- 1988 NCAA Final Four logo
- Champions: Texas (1st NCAA (2nd national) title)
- Runner-up: Hawaiʻi (4th NCAA (8th national) title match)
- Semifinalists: UCLA (5th Final Four); Illinois (2nd Final Four);
- Winning coach: Mick Haley (1st title)
- Final Four All-Tournament Team: Stacie Nichols (Texas); Sue Schelfhout (Texas); Dawn Davenport (Texas); Martina Cincerova (Hawaiʻi); Teee Williams (Hawaiʻi); Mary Eggers (Illinois);

= 1988 NCAA Division I women's volleyball tournament =

Volleyball competition

The 1988 NCAA Division I women's volleyball tournament began with 32 teams and ended on December 17, 1988, when Texas defeated Hawaiʻi 3 games to 0 in the NCAA championship match.

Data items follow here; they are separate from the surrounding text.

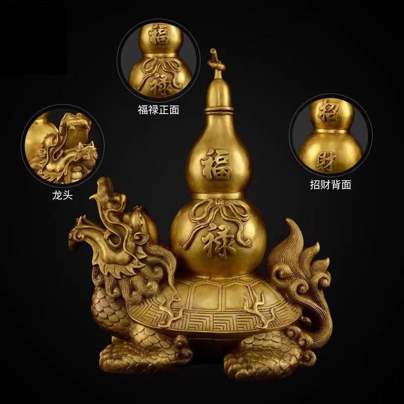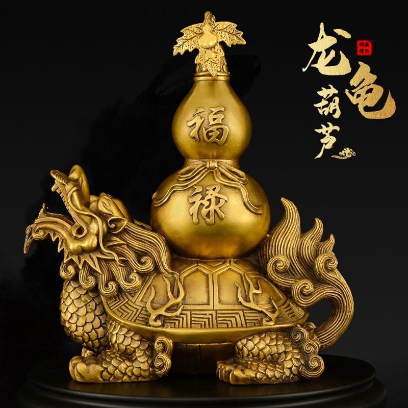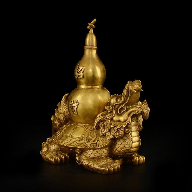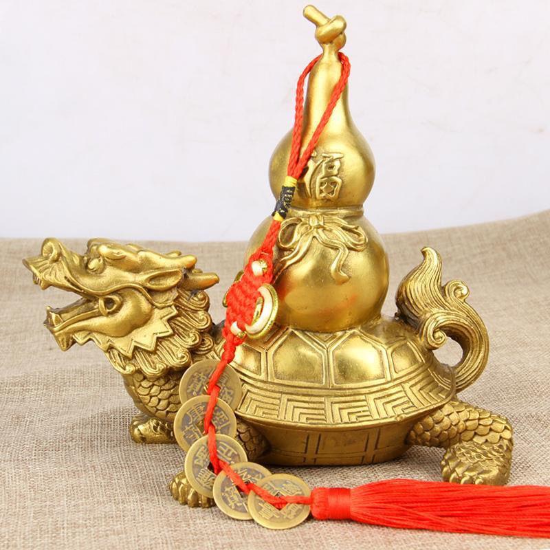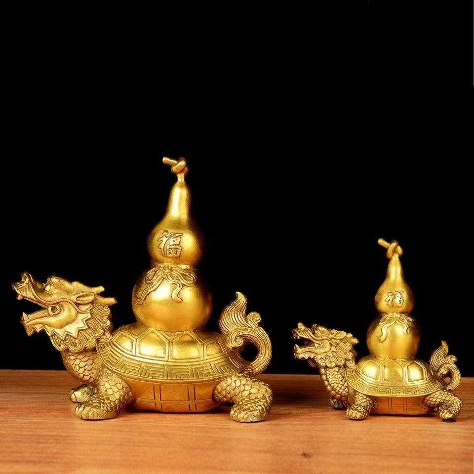 Adorno de Calabaza Tortuga Dragón de Latón, Calabaza de Cobre Tortuga Dragón Decoración para el Hogar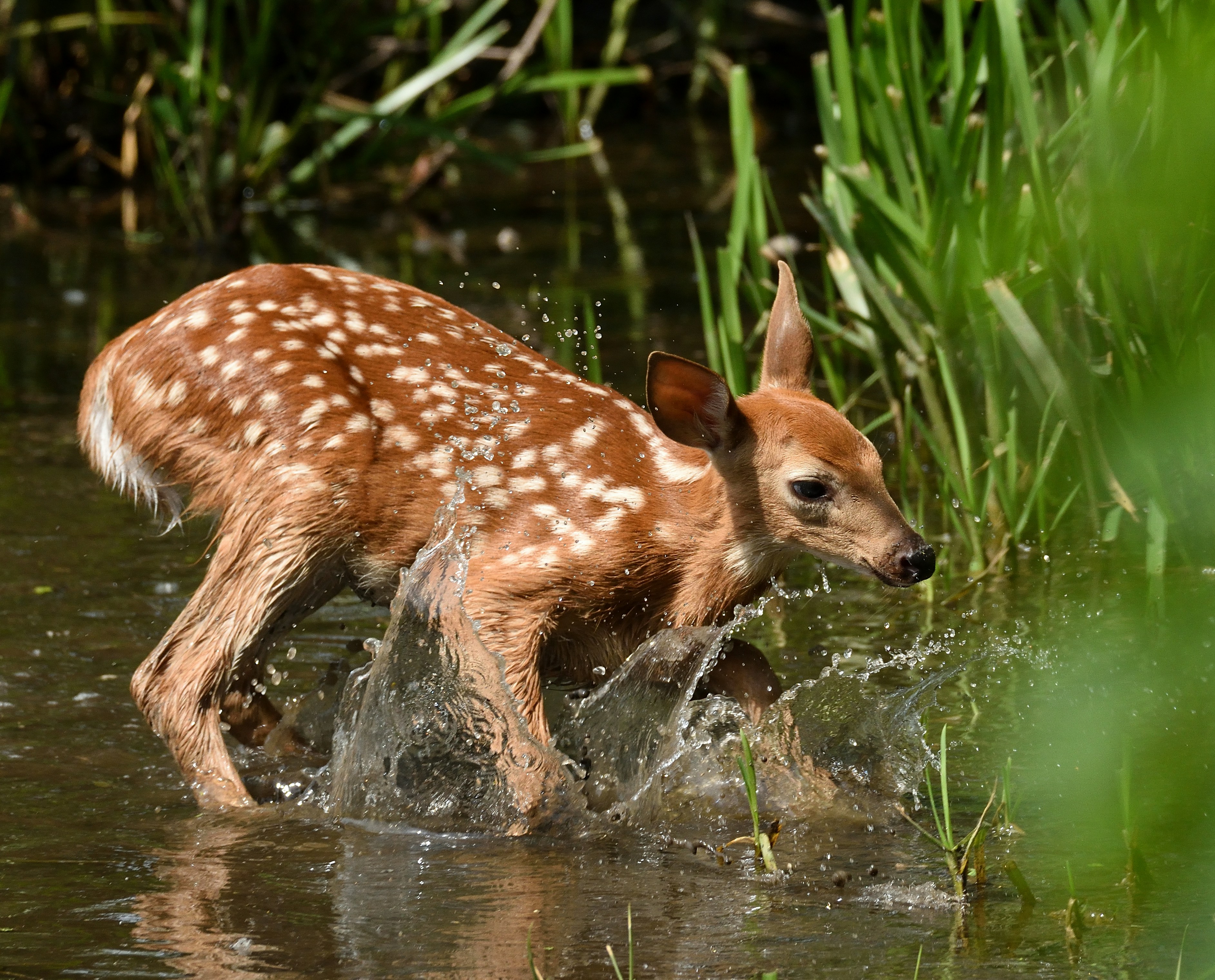 鹿,小鹿,動(dòng)物,溪流,飛濺,水,大自然,野生動(dòng)物,可愛(ài)的,小的,斑點(diǎn)的,棕色的,潮濕的,明亮的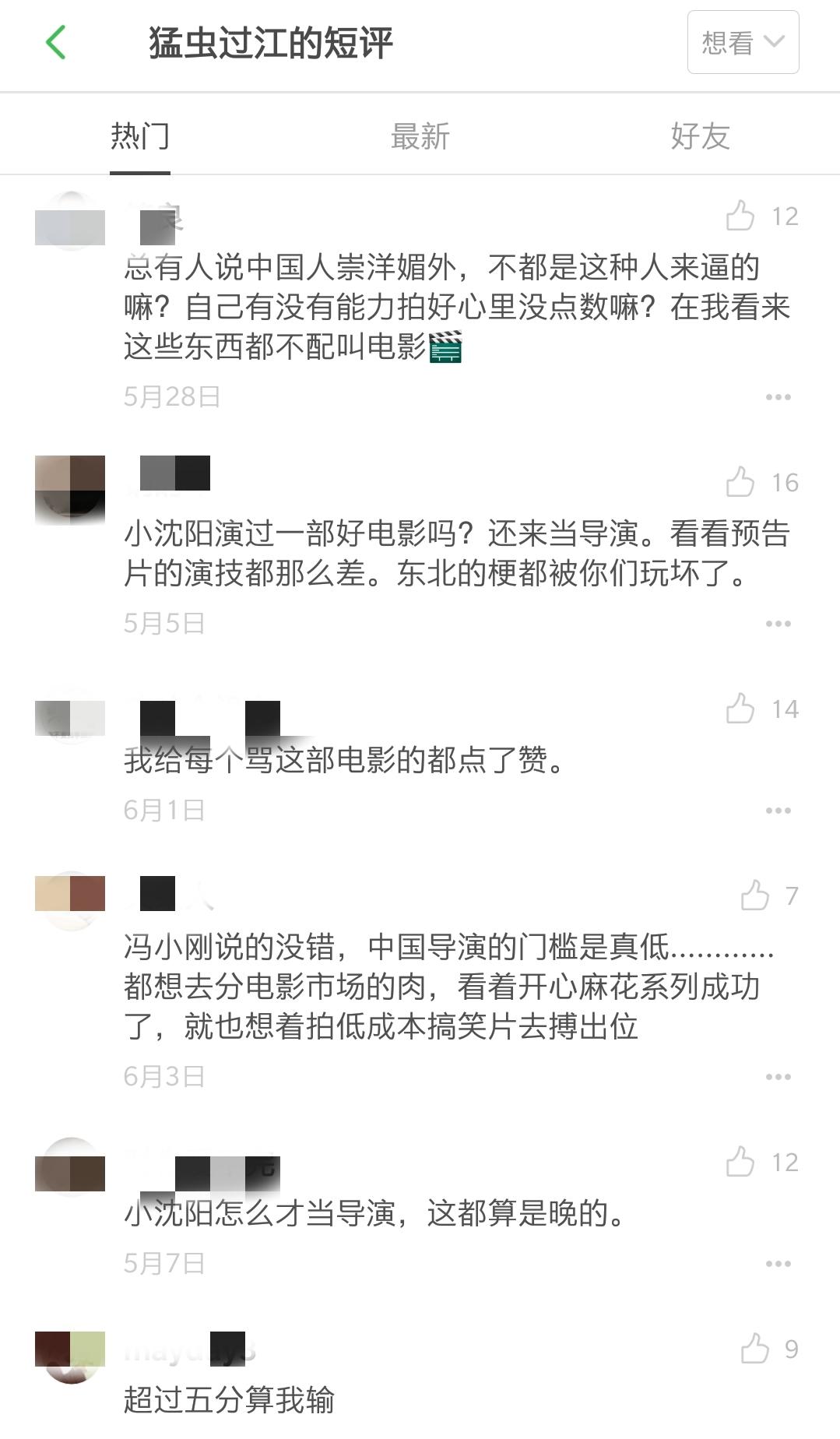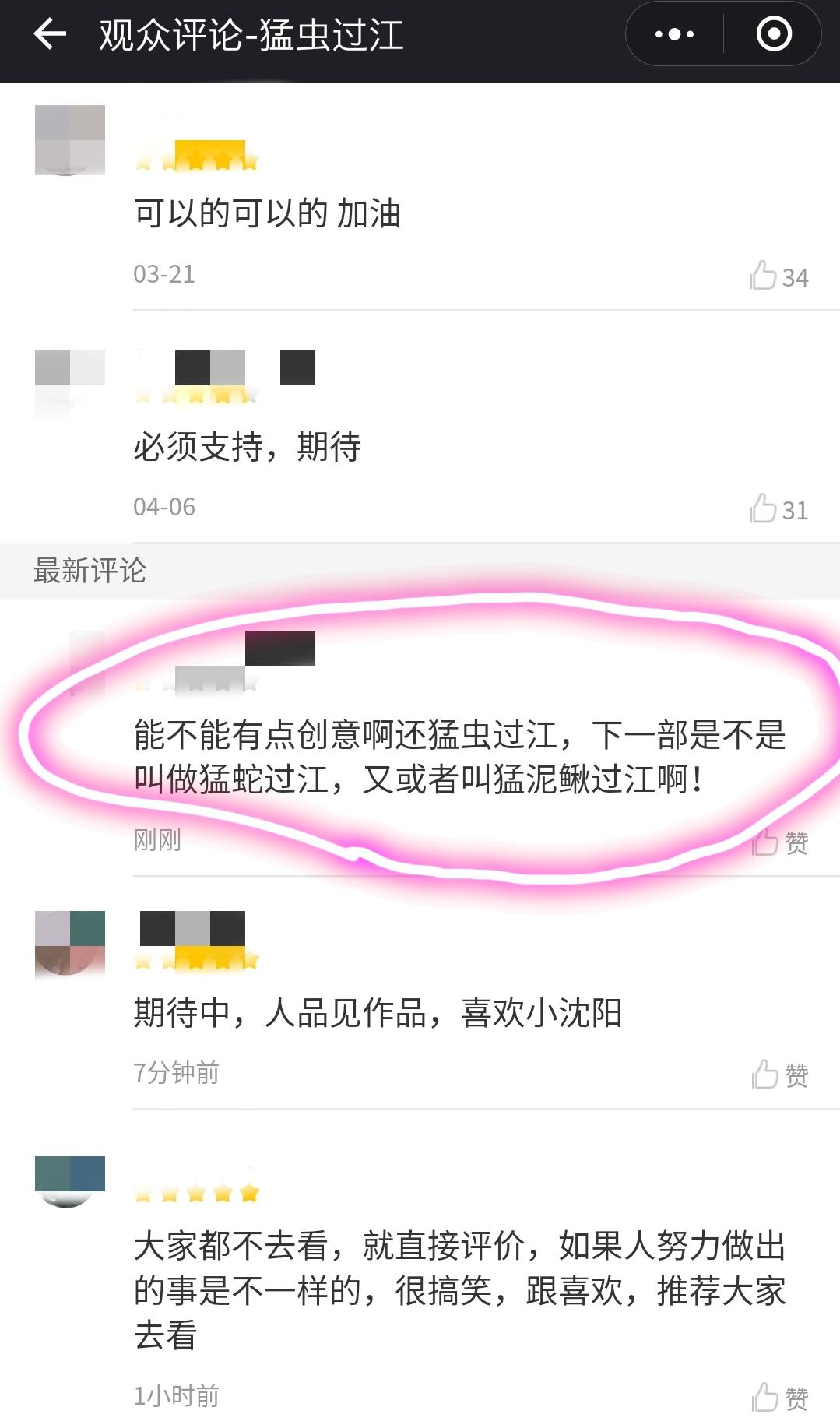 更有搞笑的网友直接评论到:能不能有点创意啊?还《猛虫过江》,下一部是不是就做《猛蛇过江》?又或者叫《猛泥鳅过江》啊?

Texas won the school's first NCAA championship and became the first non-California or Hawaii university to win the NCAA national championship (Texas also won the last AIAW national championship). After upsetting previously unbeaten and top ranked UCLA in the national semifinals, Texas swept Hawaiʻi in the final by the scores of 15-4, 16-14, 15-13, and became the first school to win every NCAA tournament match in sweeps (3-0), as they went 15-0 in individual games.